▶ [Data for analysis]

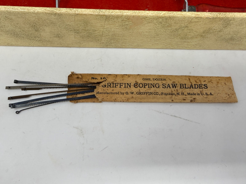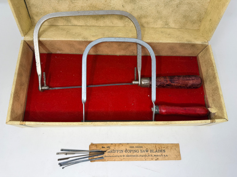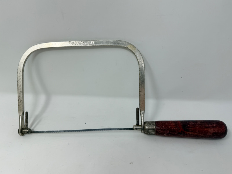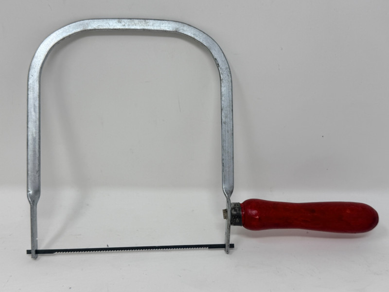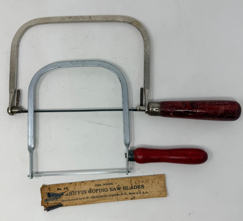 Vintage Parker Line Wood Handle Coping Saws & Blades. Parker Line No55 Red wood handle coping saw is 12” Smaller 9” unbranded red wood handle saw with extra blades. The Woodwright's Shop Hardcover book included.
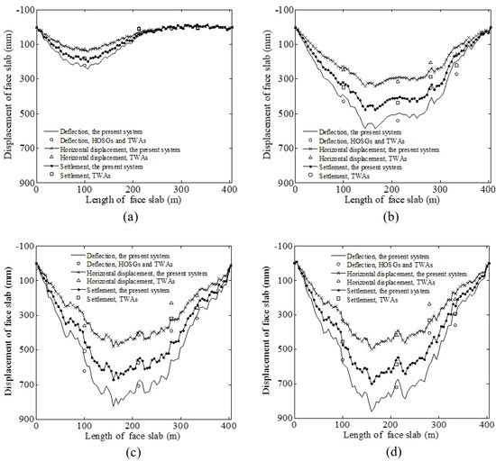 Figure 13 shows the typical deflection of the face slab measured by the FOG monitoring system and traditional instruments in different years (2007, 2008, 2011, and 2013) when the water levels of the reservoir were 274 m, 399 m, 389 m, and 376 m, respectively. The reservoir started filling on 24 April 2007, and was full (at the water level of 400 m) on 21 November 2008. It can be seen from Figure 13a that the maximum deflection was about 246 mm, which occurred at a face slab length of 100 m (at about the elevation of 235 m); the deflection above 200 m tends to be zero. As the water level continued to increase to 399 m, the deflection shape of the face slab exhibited a D-shaped distribution, as shown in Figure 13b. Meanwhile, the maximum deflection was much larger (about 620 mm) and moved to a higher position of the face slab (at about the elevation of 278 m). As shown in Figure 13b,d, the maximum deflection increased from 2008 to 2013, although the water level of the reservoir in those years was stable. This time-dependent behavior was mainly attributed to the creep effect of the dam body made of coarse granular materials with strong permeability. Similar phenomena were also reported in the Miaojiaba [13] and Daegok dams [25]. The location of the maximum deflection in Figure 13b,d was at a slab face length of about 175 m. This is consistent with the observation in [24,26] that the maximum deflection of CFRD is at about one-third to one-half of the slab face.
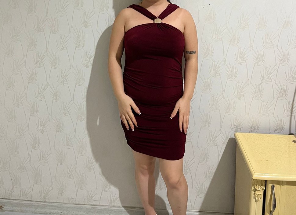 Bordo renkli, straplez yaka ve drapeli detaylı, vücuda oturan mini elbise. Pürüzsüz sentetik kumaştan, cesur ve göz alıcı tarz için uygun.
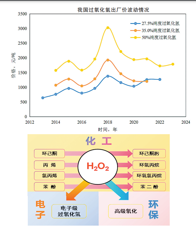 作為綠色氧化劑,過氧化氫在有機化工合成生產中廣泛應用,尤其在環(huán)氧化反應、選擇性氧化反應及其他特殊合成場景中發(fā)揮著重要作用,是多種重要化學品的關鍵原料。近年隨著下游綠色化工的發(fā)展,帶動我國過氧化氫產能迅速擴大。
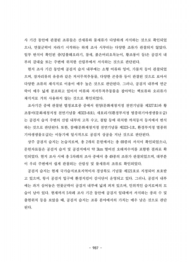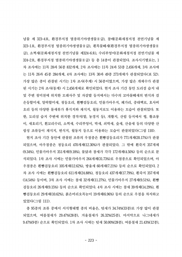 223 념물 제 호 환경부지정 멸종위기야생생물 급 참매 문화재청지정 천연기념물 제 323-4 , Ⅱ , 323-1 , 호 환경부지정 멸종위기야생생물 급 흰목물떼새 환경부지정 멸종위기야생생물 Ⅱ , Ⅱ 급 소쩍새 문화재청지정 천연기념물 제 호 수리부엉이 문화재청지정 천연기념물 제 , 324-6 , 324-2 , 호 환경부지정 멸종위기야생생물 급 등 총 종이 관찰되었다 조사시기별로는 Ⅱ 14 , 1 차 조사에는 목 과 종 개체 차 조사에는 목 과 종 개체 차 조사에 11 28 56 832 , 2 11 24 53 2,456 , 3 는 목 과 종 개체 차 조사에는 목 과 종 개체가 관찰되었다 표 11 26 45 284 , 4 13 30 49 273 52 가장 많은 종이 관찰된 시기는 차 조사 추계 시 종이였으며 가...

▶ [What you will do] From the first line to the last, reproduce the records above exactly and skip the pictures.

▶ [Response box]
 Vintage Parker Line Wood Handle Coping Saws & Blades. Parker Line No55 Red wood handle coping saw is 12” Smaller 9” unbranded red wood handle saw with extra blades. The Woodwright's Shop Hardcover book included.
 Figure 13 shows the typical deflection of the face slab measured by the FOG monitoring system and traditional instruments in different years (2007, 2008, 2011, and 2013) when the water levels of the reservoir were 274 m, 399 m, 389 m, and 376 m, respectively. The reservoir started filling on 24 April 2007, and was full (at the water level of 400 m) on 21 November 2008. It can be seen from Figure 13a that the maximum deflection was about 246 mm, which occurred at a face slab length of 100 m (at about the elevation of 235 m); the deflection above 200 m tends to be zero. As the water level continued to increase to 399 m, the deflection shape of the face slab exhibited a D-shaped distribution, as shown in Figure 13b. Meanwhile, the maximum deflection was much larger (about 620 mm) and moved to a higher position of the face slab (at about the elevation of 278 m). As shown in Figure 13b,d, the maximum deflection increased from 2008 to 2013, although the water level of the reservoir in those years was stable. This time-dependent behavior was mainly attributed to the creep effect of the dam body made of coarse granular materials with strong permeability. Similar phenomena were also reported in the Miaojiaba [13] and Daegok dams [25]. The location of the maximum deflection in Figure 13b,d was at a slab face length of about 175 m. This is consistent with the observation in [24,26] that the maximum deflection of CFRD is at about one-third to one-half of the slab face.
 Bordo renkli, straplez yaka ve drapeli detaylı, vücuda oturan mini elbise. Pürüzsüz sentetik kumaştan, cesur ve göz alıcı tarz için uygun.
 作為綠色氧化劑,過氧化氫在有機化工合成生產中廣泛應用,尤其在環(huán)氧化反應、選擇性氧化反應及其他特殊合成場景中發(fā)揮著重要作用,是多種重要化學品的關鍵原料。近年隨著下游綠色化工的發(fā)展,帶動我國過氧化氫產能迅速擴大。
 223 념물 제 호 환경부지정 멸종위기야생생물 급 참매 문화재청지정 천연기념물 제 323-4 , Ⅱ , 323-1 , 호 환경부지정 멸종위기야생생물 급 흰목물떼새 환경부지정 멸종위기야생생물 Ⅱ , Ⅱ 급 소쩍새 문화재청지정 천연기념물 제 호 수리부엉이 문화재청지정 천연기념물 제 , 324-6 , 324-2 , 호 환경부지정 멸종위기야생생물 급 등 총 종이 관찰되었다 조사시기별로는 Ⅱ 14 , 1 차 조사에는 목 과 종 개체 차 조사에는 목 과 종 개체 차 조사에 11 28 56 832 , 2 11 24 53 2,456 , 3 는 목 과 종 개체 차 조사에는 목 과 종 개체가 관찰되었다 표 11 26 45 284 , 4 13 30 49 273 52 가장 많은 종이 관찰된 시기는 차 조사 추계 시 종이였으며 가...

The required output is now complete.